12th August, 2016
It’s hard not to be won over by Mischief Theatre Company’s success story. From a group of drama graduates performing in pub theatres to (later this year) having three shows in the West End and an upcoming Broadway transfer, they are the new kings of West End comedy. We’re late to the game in seeing the hit that got them off the ground but on Friday night we joined the thousands of other audience members who have laughed in hysterics at The Play that Goes Wrong.
IGNORE THIS WAFFLE....
The basic concept is not dissimilar to Frayn’s Noises Off. It uses a framing device, in this case that of the Cornley Polytechnic Drama Society’s production of second rate Murder at Haversham Manor, to unleash havoc. The enjoyment comes from watching the play within unravel, escalating to the dizzying heights of farce. From the programme notes and the pre-show routine of getting the audience involved to every bit of the set spectacularly falling apart, the play unashamedly milks every last drop of comedy with satisfying results. Praise goes to writers Henry Lewis, Jonathan Sayer and Henry Shields for expertly finding comedy in every corner of the set and in the pitfalls of dodgy stage acting. Yet it never feels overwrought and they have created characters each with their own niches and not just cogs in this larger game of Mousetrap.

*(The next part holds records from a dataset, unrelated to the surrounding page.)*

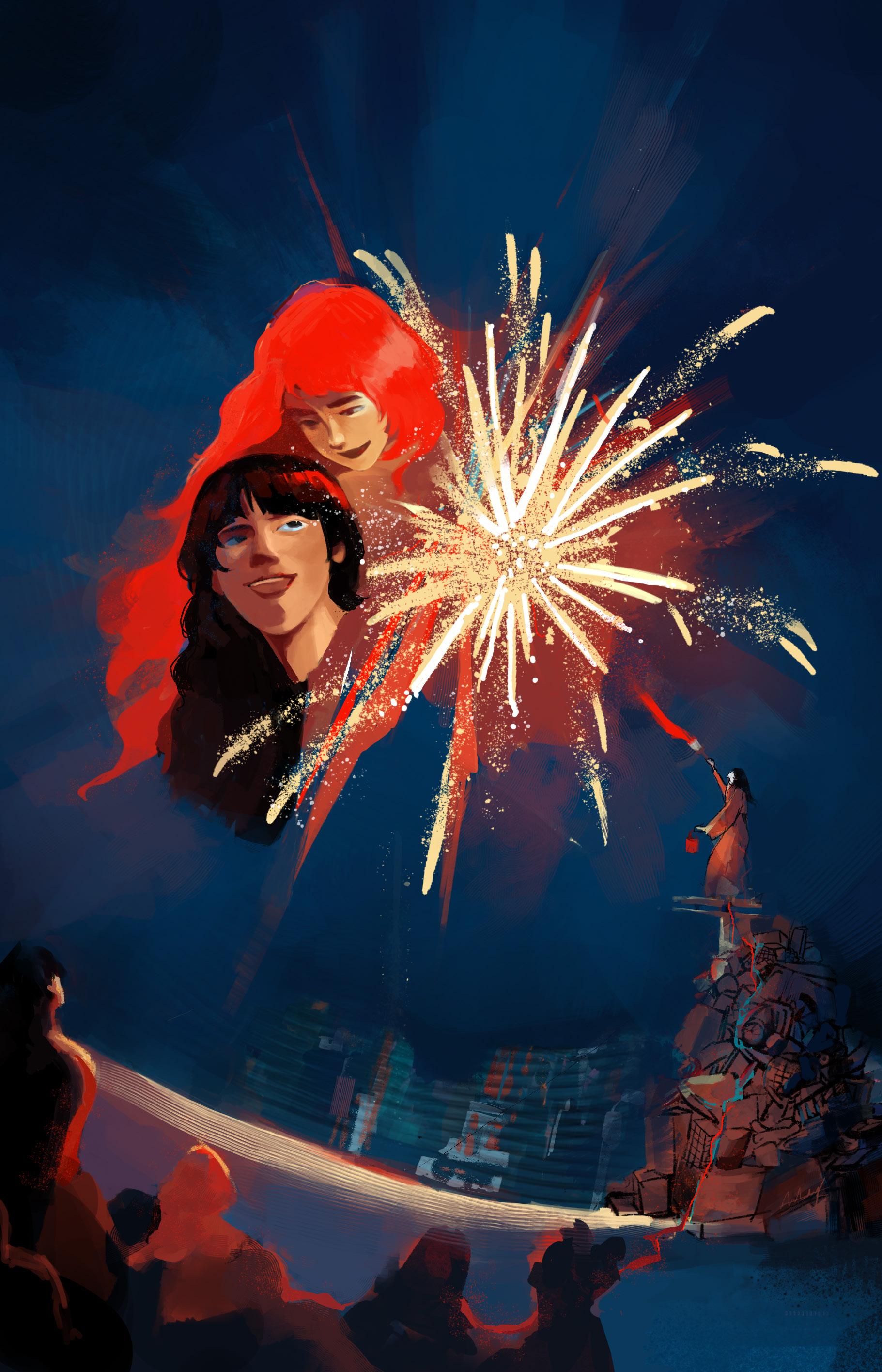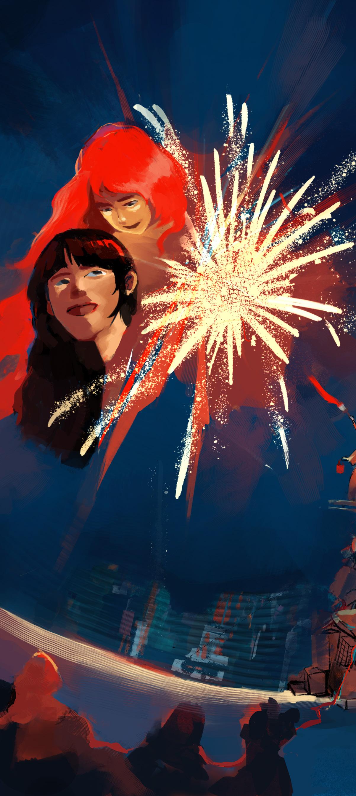 Looking up in awe as the freworks exploded one by one, you stared at the sky from the moment the frst rocket lef the ground to long afer the last ember had faded, watching for each explosion of color across the inky black sky.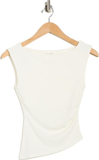 Allover ribbing texturizes a figure-flaunting top flanked by ruching on the left side to create a slightly asymmetric look.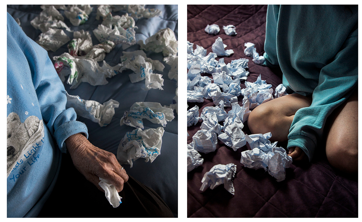 My photographs explore the physical and emotional space I find myself in while living with my 91 year old sightless grandmother. Sixty years apart, we are paralleled by the residue of our experiences, mine emotional, hers physical. We act as a refuge for one another, a temporary sanctuary in the world that lies beyond our home. While living with her, I received a letter in the mail indicative of the life I’ve left behind, a letter that challenges and disrupts this sanctuary. I am caught between the past and the future: as I rebuild my life, my grandmother is a glimpse into my own future, which is genetically inevitable. These photographs represent the acceptance of these challenges, the beauty of our relationship, while always keeping in mind the temporal nature in which we exist.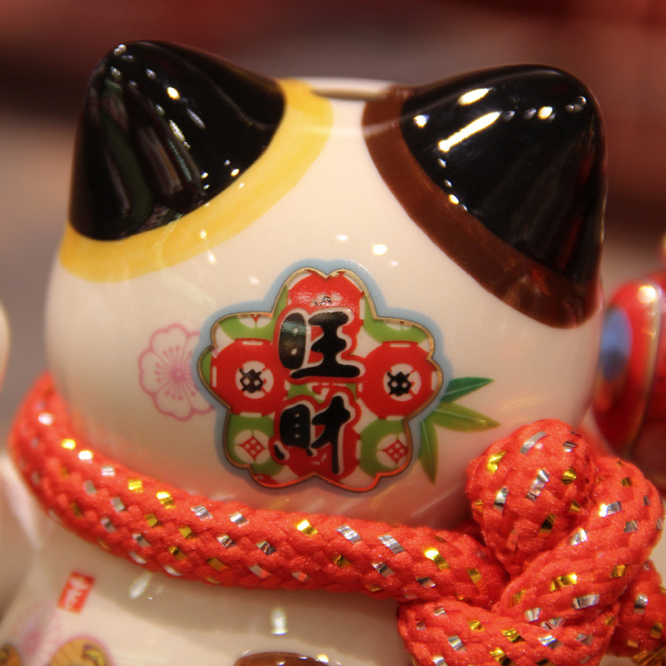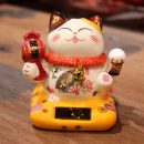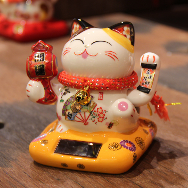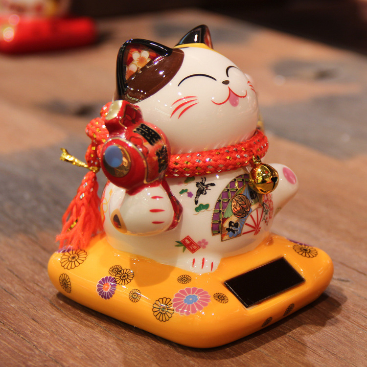 【太陽能搖手招財貓】【中小號】純手工製彩繪陶瓷日式納財開運太陽能搖手吸金招財貓 (10*9*11cm)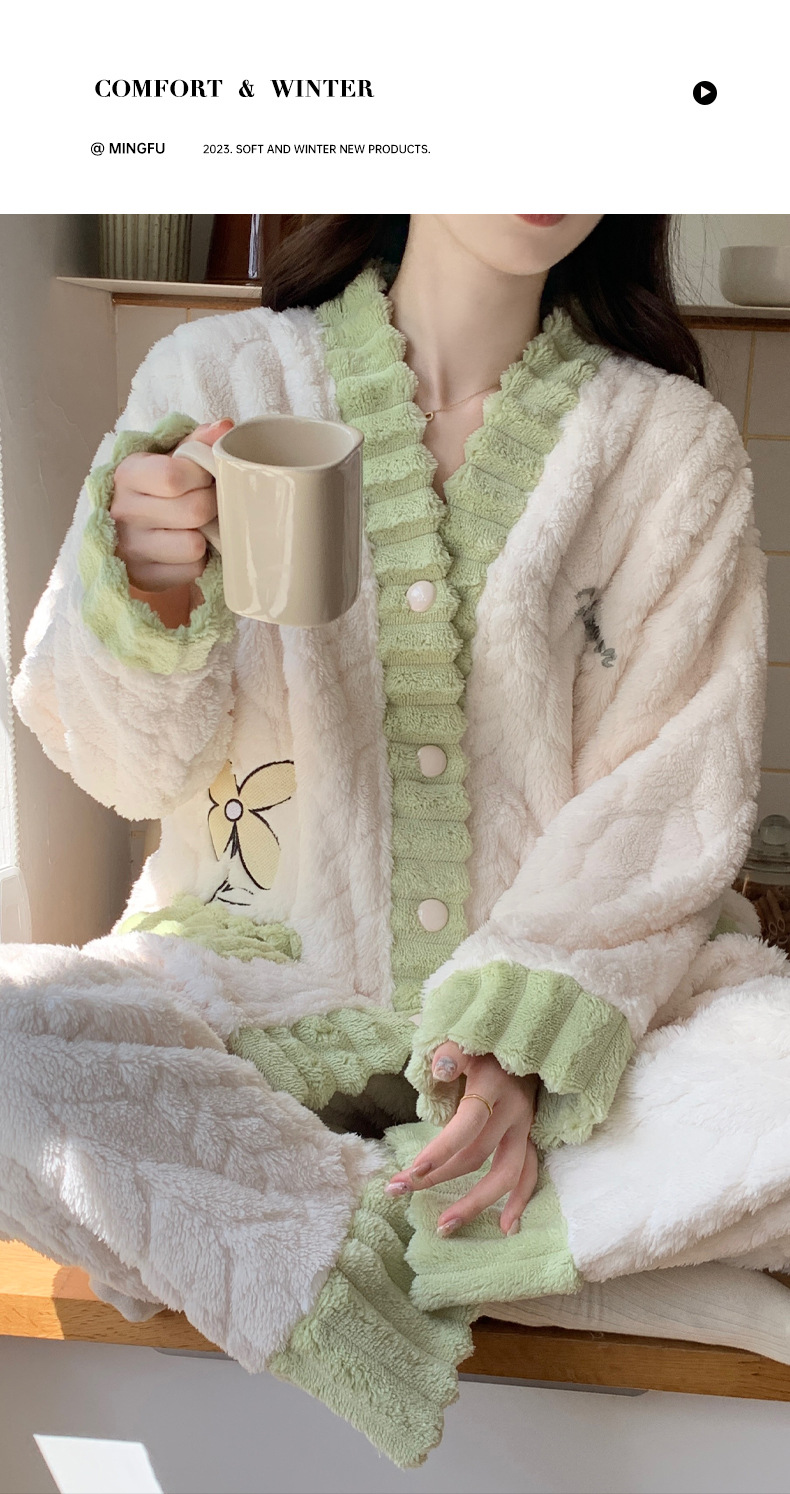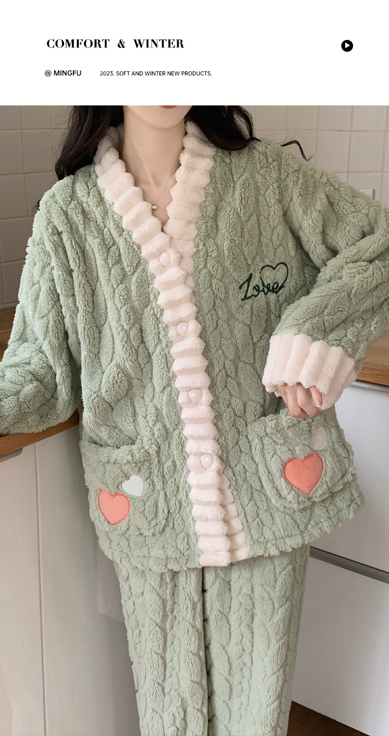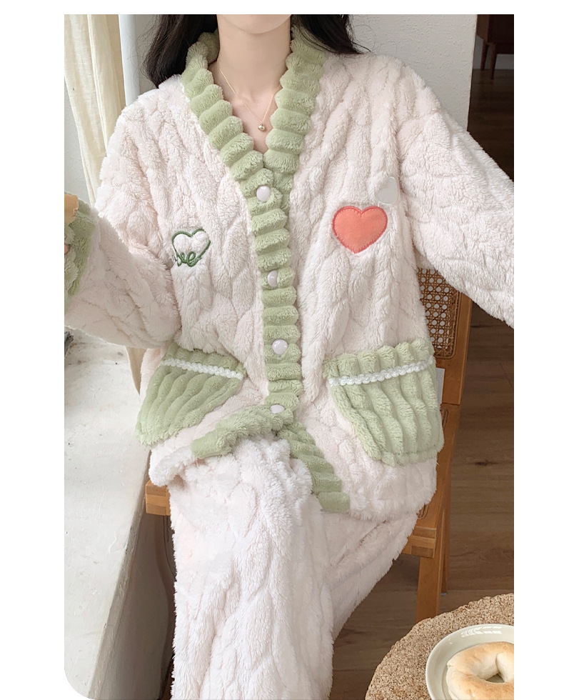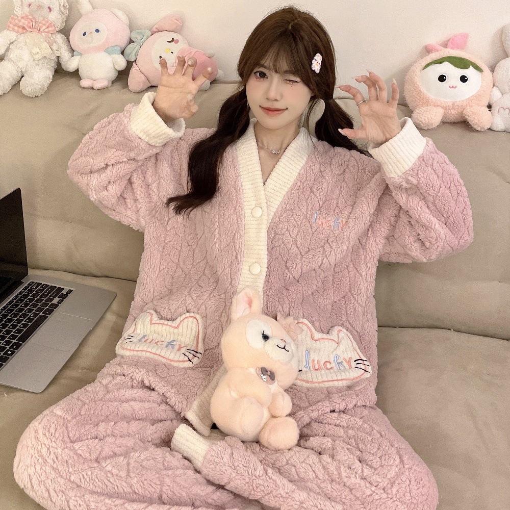 산호 양털 파자마 여성의 가을과 겨울 새로운 도착 기모 두꺼운 따뜻한 달콤한 플란넬 세트

It’s hard not to draw parallels with Noises Off and so many of the Whitehall and Aldwych farces as it has all the characteristics of a classic of the genre. Paintings fall down, doors slam, and none of the characters particularly want to be in the situation into which they’ve been thrown (although there is a surprising twist that the phone works!). But what drives the play onwards is the notion of carrying on, something which many amateur or student drama groups have experienced and enjoyed – or perhaps endured. Whereas there is a slight edge of cynicism about theatre in Noises Off, in The Play that Goes Wrong there is more of a sense that the characters, as hapless or incompetent as they might be, are doing it for the love of the theatre. This idea of carrying on is no more joyous and hilarious than when one actor accepts that a grandfather clock has stepped in for a missing actor. In fact there are many nods to the theatre, from the rickety old West End murder mystery to which The Murder at Haversham Manor aspires, to the tales of the drama group’s unsuccessful attempts at other plays.
Mark Bell’s production ensures that the laughter is continuous, and this new cast have made the roles their own. In particular, April Hughes is hilarious as Sandra, the upstaging actress better trained in dance and the 3Ts who does her best in the role of Florence. Daniel Miller’s Max is also a highlight, over gesticulating and bowing when he senses the audience’s approval. Nigel Hook’s set design is slyly clever: looking like it’s been shoddily knocked together, all I shall say is that it is extremely impressive. The stage management team also deserves a mention, led by Lucy Westnidge. It is no mean feat to achieve a production which looks like it is falling apart; in reality I imagine it has to be expertly timed from well-practiced performers and crew alike. Overall, it is a joy to experience.